Despite the above, there are some expat families who may wish to immerse their children - in ‘the deep end is good for you, darling’ parenting style - in the free education of their host country and indeed some do. If the long-term career agenda has Poland in the five year + box, or a child is already competent in another language at home or maybe has a Polish parent or Polish connections, this can be a viable option, albeit more often for younger children.

Following the reforms in Poland, children spend more time studying core academic subjects and vocational study has been delayed until 16 years of age. Poles take great pride in their education and hold the belief that by doing well in school, their children can do more in their lives. The key stages are:


Children now start school at age five in an introductory pre-school year.

Szkoła Podstawowa

There are six years of primary school. The first school years (I-III) are taught through integrated education system lead by one teacher. School years IV-VI are divided into subjects taught by specialized teachers. The six years of primary school end with the Certificate of Completion of Primary School Education.


The three years of Gymnasium include a more detailed curriculum. For example, science is divided into: physics with astronomy, biology, geography and chemistry. Social science is divided into history and sociology. The final exams taken after the 3rd year are then decisive for the further education. After Gymnasium, school is no longer compulsory.

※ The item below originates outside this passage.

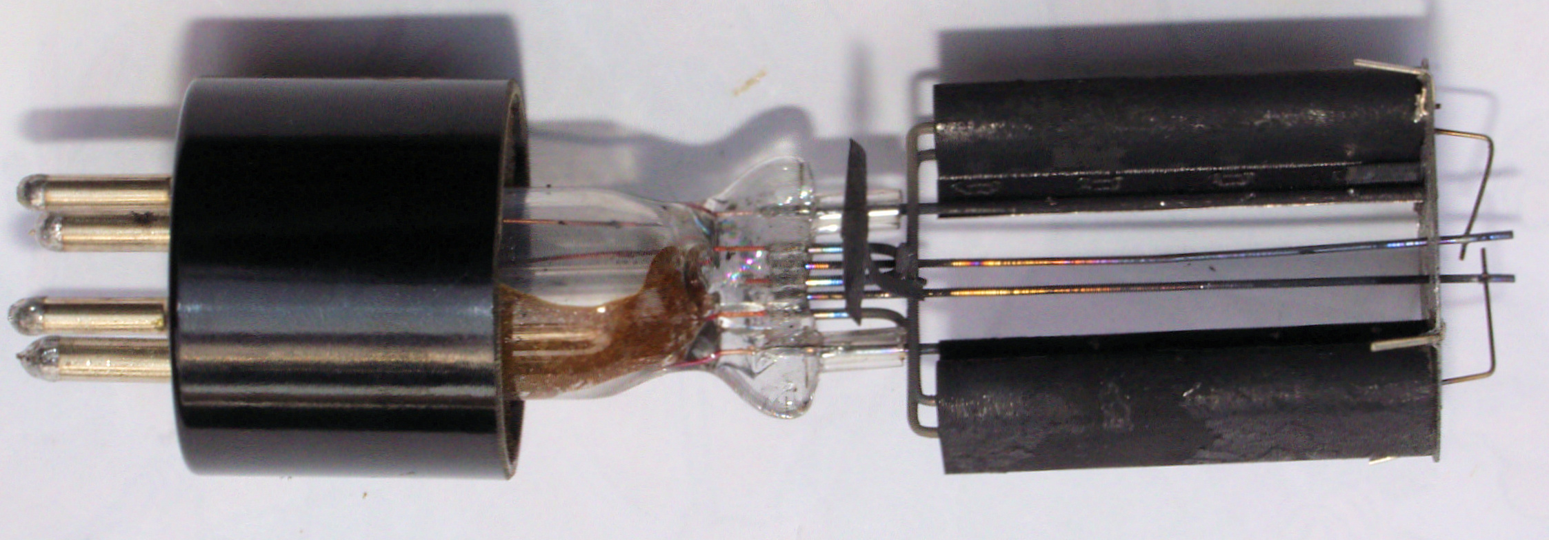 A66. 点検中。 水銀入り「整流管83」の内部。 ヒータの電極への溶接が取れていた!

LiceumTechnikum and Szkola Zawodowa

Those who want to study after Gimnazjum can choose between a Liceum for three years or a Technical College Technikum for four years. Alternatively, students can attend a Vocational school (Szkola Zawodowa) for two years that focuses on preparation for manual professions. 

Following the completion of education in a Liceum or Technikum, students can pass the maturity examination (Matura) to obtain a Maturity Certificate, which allows them to take entrance exams to higher education according to their choice, often a University, University of Technology or Medical Academy.

Private schools 

Private, fee-paying education is relatively new in Poland, having only been introduced in the late 1980s. Many private schools in Poland are run by religious or social organisations and can also rely on private or parent donations. These schools are independent of the government and not restricted to following the national curriculum.

And finally…

A down to earth city but the old motto  ‘Fall in Love with Warsaw’ often proves true for foreign students. Another well-coined phrase ‘Warsaw will make you cry twice – once when you know you are moving there and secondly when you leave’ - is also well-demonstrated. Tears at school graduations are often as much for the city and what it has given them, as for their fellow peers.